▶ _DATA EXTRACT_:
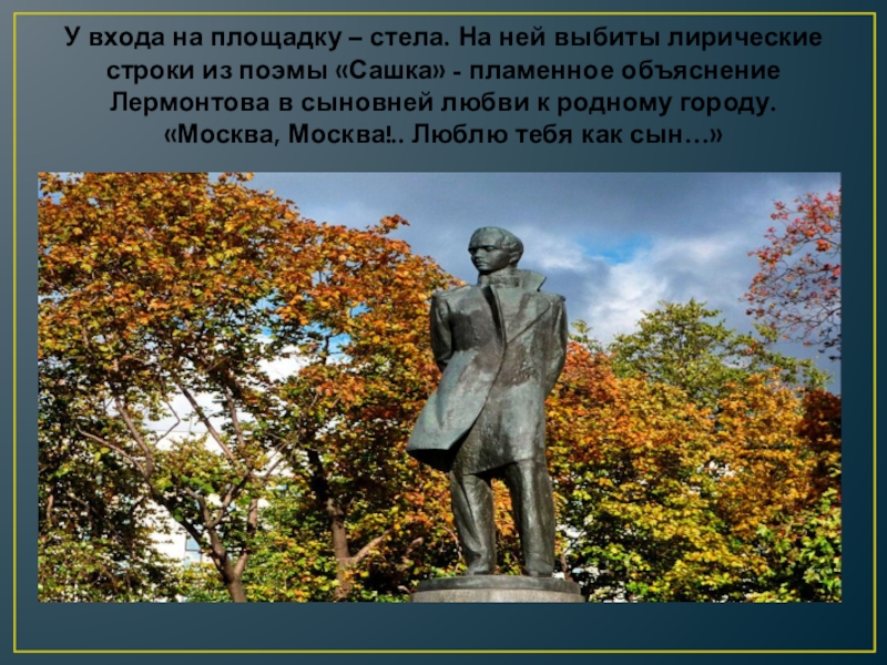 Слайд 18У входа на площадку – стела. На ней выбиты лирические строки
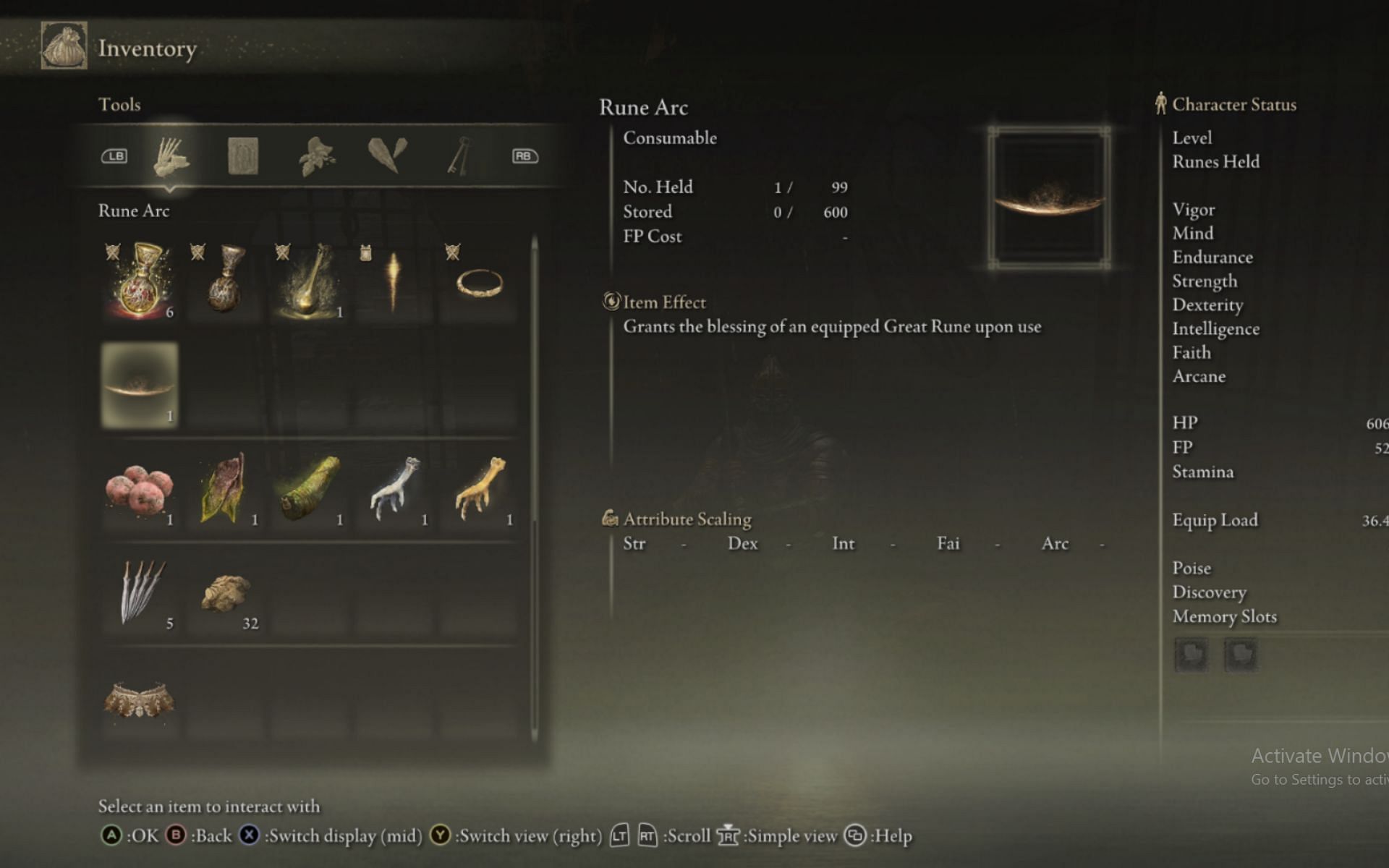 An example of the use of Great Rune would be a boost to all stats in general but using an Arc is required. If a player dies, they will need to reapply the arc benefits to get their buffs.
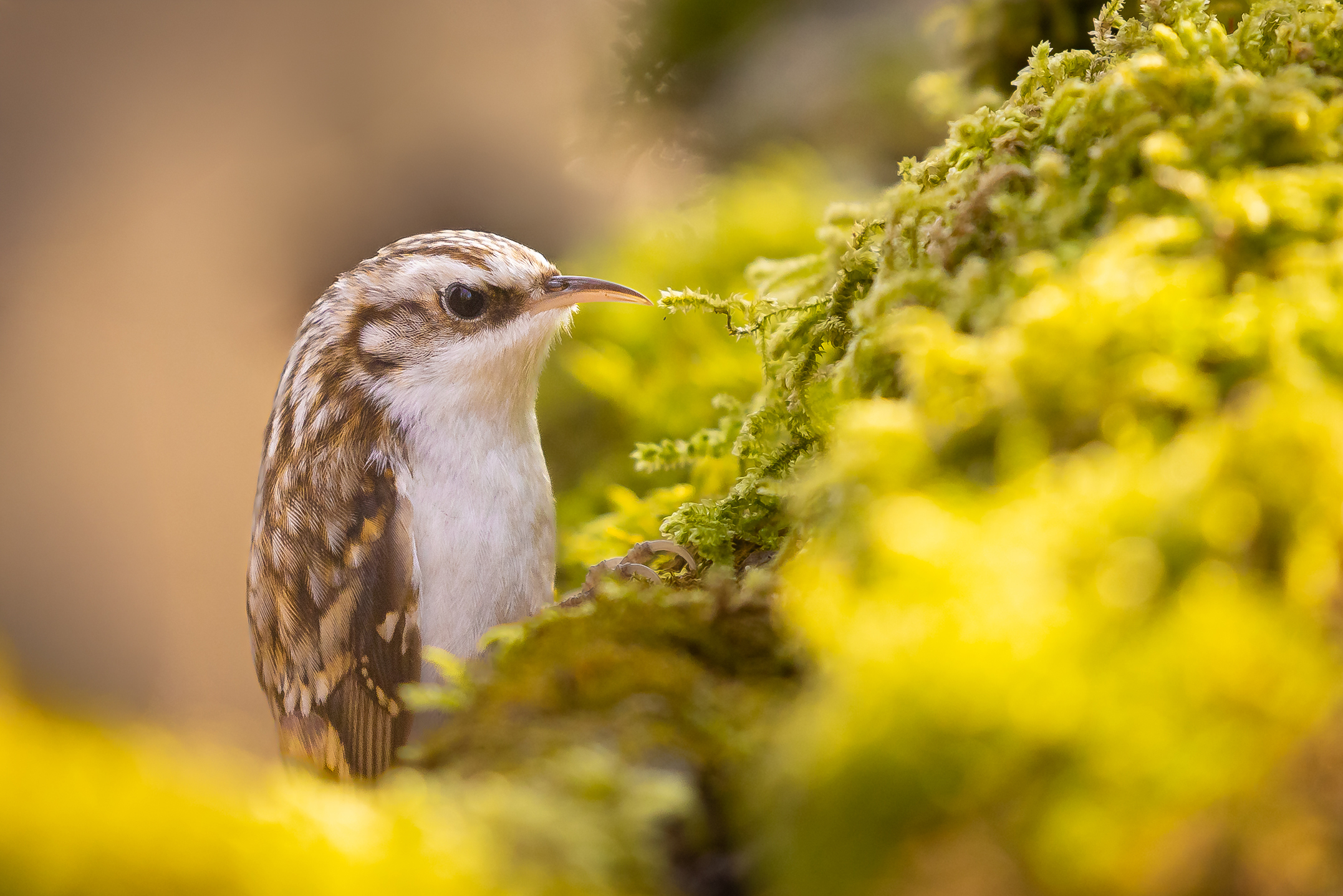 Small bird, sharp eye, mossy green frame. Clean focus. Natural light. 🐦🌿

▶ _TASK DIRECTIONS_: Exactly as written, return each line above and leave the pictures behind.

▶ _SOLUTION TO THIS PROBLEM_:
 Слайд 18У входа на площадку – стела. На ней выбиты лирические строки
 An example of the use of Great Rune would be a boost to all stats in general but using an Arc is required. If a player dies, they will need to reapply the arc benefits to get their buffs.
 Small bird, sharp eye, mossy green frame. Clean focus. Natural light. 🐦🌿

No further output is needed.